Feasibility of combination of Gun-Chil-Jung and cytokine-induced killer cells-based immunotherapy for terminal hepatocellular carcinoma patient: a case report

Introduction: Terminal-stage hepatocellular carcinoma (HCC) is inoperable and currently has no form of adjuvant therapy. This study examined the anticancer herbal extract Gun-Chil-Jung (GCJ) combined with cytokine-induced killer (CIK)-cell-based immunotherapy as a palliative therapy for terminal HCC. We report the case of an HCC patient with extended overall survival and improved symptoms and tumor marker levels following combination therapy with GCJ and CIK cell-based immunotherapy.

Baseline Characteristics: From March to July 2020, a 57-year-old man who had been diagnosed with HCC underwent combination treatment with GCJ and CIK cell-based immunotherapy. By August 2021, he was prescribed GCJ. After treatment, the patient’s condition was evaluated with respect to overall survival, tumor markers, symptoms, abdominal computed tomography findings, chest x-ray results, and Eastern Cooperative Oncology Group (ECOG) grade.

Results: The patient’s overall survival, tumor marker levels, ECOG grade, and symptoms, including ascites, lower limb edema, jaundice, pleural effusion, and fatigue, were largely alleviated.

Conclusion: We expect that this combination therapy may be an option for palliative therapy of terminal HCC.

1 Introduction

The most common type of primary liver cancer is hepatocellular carcinoma (HCC), a life-threatening disease with a poor prognosis that most often occurs in patients with chronic liver disease (Craig et al., 2020). Despite the increasing 5-year survival rate in Korea and the recently declining incidence rate of HCC, the majority of patients with advanced-stage HCC suffers from widespread tumor distribution, including extrahepatic spread and vascular invasion, as well as decompensation of liver function (Yu, 2016). Terminal-stage HCC is usually grade 3–4 according to the Eastern Cooperative Oncology Group (ECOG) classification and class C according to the Child-Pugh score; in such cases, only symptomatic treatment is typically recommended (Barone et al., 2013).

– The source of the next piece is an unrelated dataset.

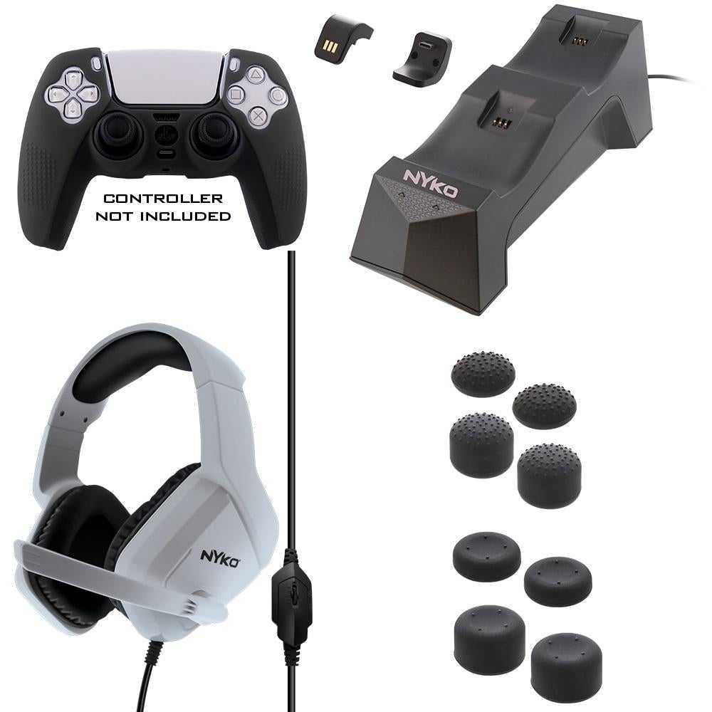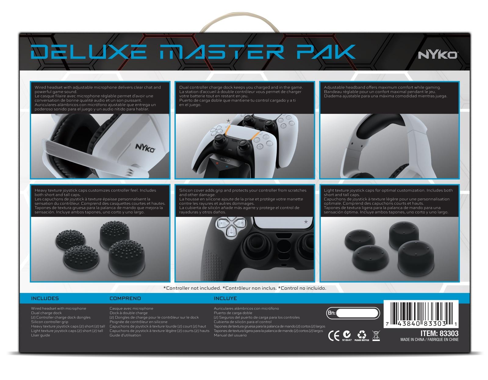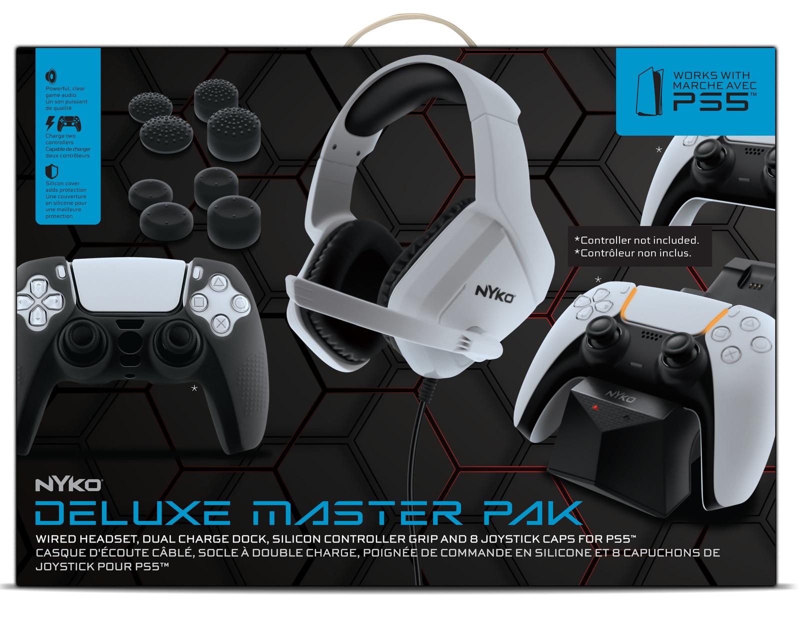 Nyko PS5 Master Pak includes:* Complete console gaming accessory designed with everything a new gamer needs* Wired premium headset for crystal clear game audio and voice chat* 2× Controller Charging dock to keep your controllers in action* Silicone skin provides controller protection and comfort.* 2× Charging dongles to allow controllers to charge on contact.* Comes with multiple sets of small and large thumb caps.View our Headphones Return Policy [Here](https://help.mightyape.co.nz/hc/en-nz/articles/115012111088-Returns-Policy)

An herbal medicine named Gun-Chil-Jung (GCJ) is an allergen that removes Rhus verniciflua Stokes (RVS) extract. Some studies about the effect of RVS extract on HCC patients have been reported previously [4.5]. There is a case report of a patient with HCC who had no feasible standard management. The progression-free survival (PFS) was over 16 months and 114 months in two advanced HCC patients, respectively, with decreased alpha-fetoprotein (AFP) levels in both after RVS treatment (Chae et al., 2018). A study of the antitumor effects of RVS antitumor effects in tumorigenic hepatocytes of mice showed that it can inhibit tumor cell growth and induce apoptosis (Son et al., 2005).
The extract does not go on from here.